Because Reed Solomon enforce that any subset of size K of the coefficient vectors are linearly independent, there's a guaranteed solution to the above problem.

To illustrate, if we solve it manually, the process is:

(1 * C1) XOR (1 * C2) = P1 XOR C3
(1 * C1) XOR (2 * C2) = P2 XOR (3 * C3)

Let:
A = P1 XOR C3
B = P2 XOR (3 * C3)

(1 XOR 2) * C2 = A XOR B

C2 = (A XOR B) / (1 XOR 2)
C1 = A XOR C2

Note that, C1, C2, C3, P1, P2... these are not simple integers. These are arbitrarily large bytestream. If C1, C2, and C3 are the data chunks that represent user avatar image for example, then each chunk could be like 20MB large.

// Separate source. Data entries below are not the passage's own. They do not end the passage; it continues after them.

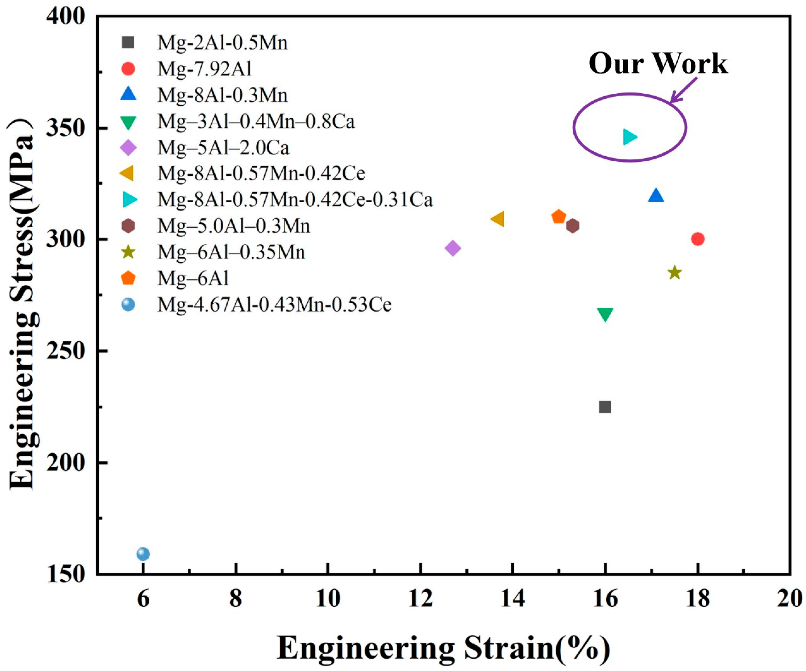 - Through the composition design, high quality Mg-8Al-0.57Mn-0.42Ce-(0.31Ca) alloy profiles were successfully prepared, and a high YS of 190 MPa, UTS of 346 MPa, and high EL of 16% were achieved.
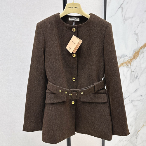 Miu Miu 미우미우 25Ss 가을겨울 신상 디자인 감성 울 혼방 원형 칼라 외투 410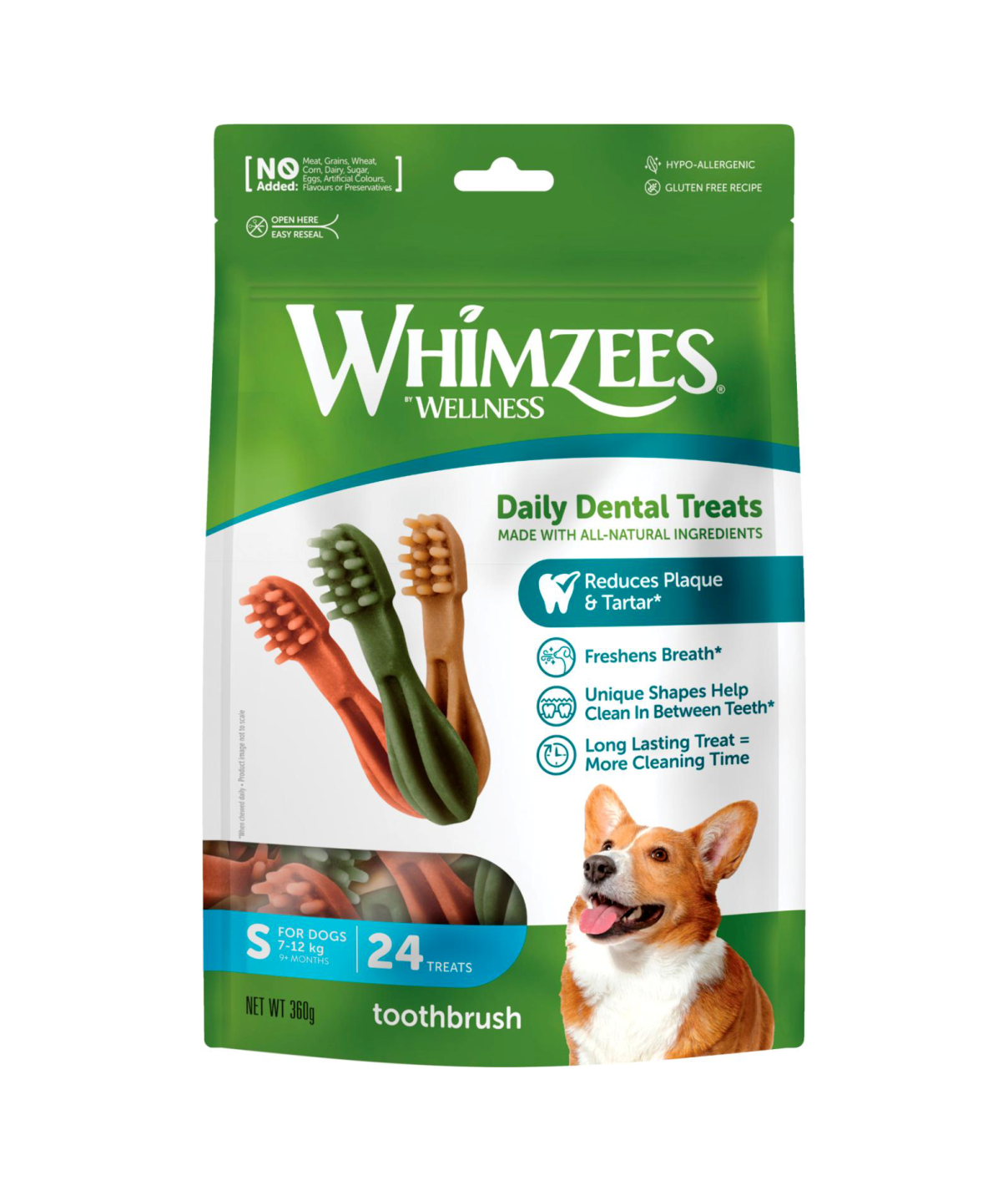 Whimzees tandbørste til mellemstore hunde er en underholdende og effektive “tandbørste” godbidder er sammensat af blot seks nøgleingredienser og bidrager til at fjerne plak, tandsten og reducere de bakterier, der forårsager dårlig ånde.

That means, the XOR operation would still work perfectly fine on them. The multiplication * and division / are somewhat different than multiplication and division on integers though, since we are dealing with bytestream. These specialized multiplication and division operations are applied as if each bytestream is a finite field, which I don't understand fully, so I will leave it to you the reader to carry out your own exploration.

MinIO's Implementation

In the most simple scenario where, perhaps as a hobby project, MinIO only has 1 node configured, the core mechanism of erasure coding doesn't really kick in because one node alone can't provide any fault tolerance, so it behaves very much like an HTTP wrapper for file storage (excuse me, object storage).

In the robust scenario where, for enterprises and whatever other serious use case demands, MinIO would have multiple nodes configured together, and the core mechanism of erasure coding does kick in. This is where its purpose shines.

The logical hierarchy for MinIO's nodes in a robust deployment goes like this:

At the very bottom, you have physical hard drives, preferably NVME or faster instead of slower HDD
Multiple physical hard drives would be bundled together, along with other important stuff like RAM and CPU, to form a machine. That machines would then be running the MinIO executable. This is considered a node.
Multiple machines, aka nodes, would be bundled together, to logically form an erasure set
Finally, all the erasure sets together logically make up the entire MinIO server pool (aka cluster)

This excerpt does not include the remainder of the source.